I decided it would be fun to learn x86 assembly during the summer break. So I started with a very simple hello world program, borrowing on free examples gcc -S could give me. I ended up with this:
HELLO:
.ascii "Hello, world!\12\0"
.text
.globl _main
_main:
pushl %ebp # 1. puts the base stack address on the stack
movl %esp, %ebp # 2. puts the base stack address in the stack address register
subl $20, %esp # 3. ???
pushl $HELLO # 4. push HELLO's address on the stack
call _puts # 5. call puts
xorl %eax, %eax # 6. zero %eax, probably not necessary since we didn't do anything with it
leave # 7. clean up
ret # 8. return
# PROFIT!
It compiles and even works! And I think I understand most of it.

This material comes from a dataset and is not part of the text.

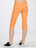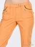 Эластичные бриджи оригинального оранжево-песочного цвета. Отрезной пояс, есть шлевки для ремня. Застегивается на молнию и пуговицу. Сзади треугольная кокетка. Четыре кармана спереди, два кармана сзади. Брючины с прострочками-стрелками и небольшими игривыми разрезами. Благодаря эластичного материалу прекрасно садятся по фигуре и подчеркивают бедра.

Though, magic happens at step 3. Would I remove this line, my program would die between the call to puts and the xor from a misaligned stack error. And would I change $20 to another value, it'd crash too. So I came to the conclusion that this value is very important.
Problem is, I don't know what it does and why it's needed.
Can anyone explain me? (I'm on Mac OS, would it ever matter.)
On x86 OSX, the stack needs to be 16 byte aligned for function calls, see ABI doc here. So, the explanation is
push stack pointer (#1) -4 strange increment (#3) -20 push argument (#4) -4 call pushes return address (#5) -4 total -32
To check, change line #3 from $20 to $4, which also works.
Also, Ignacio Vazquez-Abrams points out, #6 is not optional. Registers contain remnants of previous calculations so it has to explicitly be zeroed.
I recently learned (still learning) assembly, too. To save you the shock, 64bit calling conventions are MUCH different (parameters passed on the register). Found this very helpful for 64bit assembly.